DSC_0757-1 by Krista_Ahrens, on Flickr


----------



## cat face (Apr 4, 2013)

aw.. sadly only one showed up, th rest didn't


----------



## Heather72754 (Nov 1, 2013)

cat face, the same thing happened to me when I first looked at the thread, but now I just went back in and more of the pics showed up - not sure why. 

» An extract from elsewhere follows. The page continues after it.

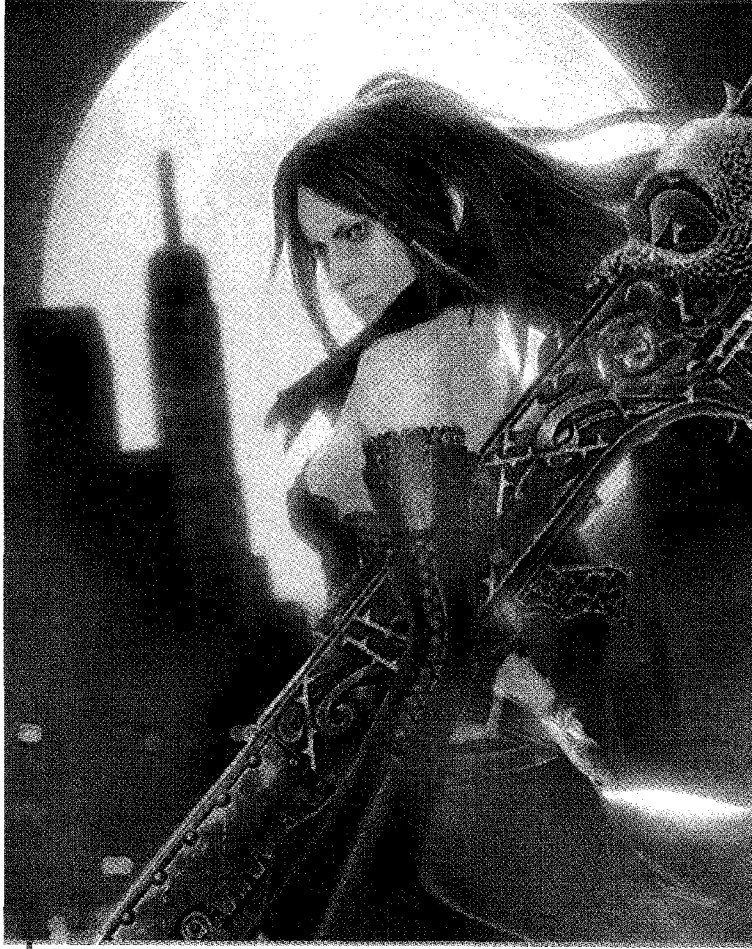
Una strega, metafora dell'inquietudine che incombe sul nostro tempo. Sotto, Paulo Coelho

Anyway, those cats are such sweeties! Look at the orange one rubbing on his buddy. :luv


----------



## Krista2882 (Jan 26, 2012)

Yeah, they didn't show up and then I edited to try it another way and that worked, so I went in and added the rest. I'm glad you like them, Heather.


----------



## tezster (Jun 4, 2013)

Lovely photos 

I agree that the cats look very well fed (they're just about as plump as my Newt) - I hope this means they're all reasonably healthy as well.


----------



## cat face (Apr 4, 2013)

Ah, yep, there are more showing!! Thanks Heather 

Really good photos! Those kitties didn't miss many meals! lol Probably plotting world domination in that factory (bites nails)


----------



## Krista2882 (Jan 26, 2012)

One thing I find weird is that the orange cats don't have tails. There are at least two of them and neither one has a tail... why would that be?


----------



## cat face (Apr 4, 2013)

sometimes cats are born that way... just like they can be born with more than the usual number of toes


----------



## Krista2882 (Jan 26, 2012)

Interesting. so they might be from the same litter. I had a feeling that the orange ones, the gray ones, and that calico/tortie one are from the same littler or at least are related because they all have that muted color and they all have similar faces. That long-haired cat is definitely from a different mother. And there are a few others that I didn't get pictures of that don't look like the orange or gray ones.


----------



## NebraskaCat (Jan 15, 2013)

Might be a manx, an amputation, or a mutation.

Good looking cats. Someone is feeding them. It might be worth the time to find their caretakers and just talk to them about TNR and any local TNR groups that could help them preserve the good health they seem to be enjoying.


----------



## Jetlaya67 (Sep 26, 2012)

They do look well fed and healthy. Nice pictures.


----------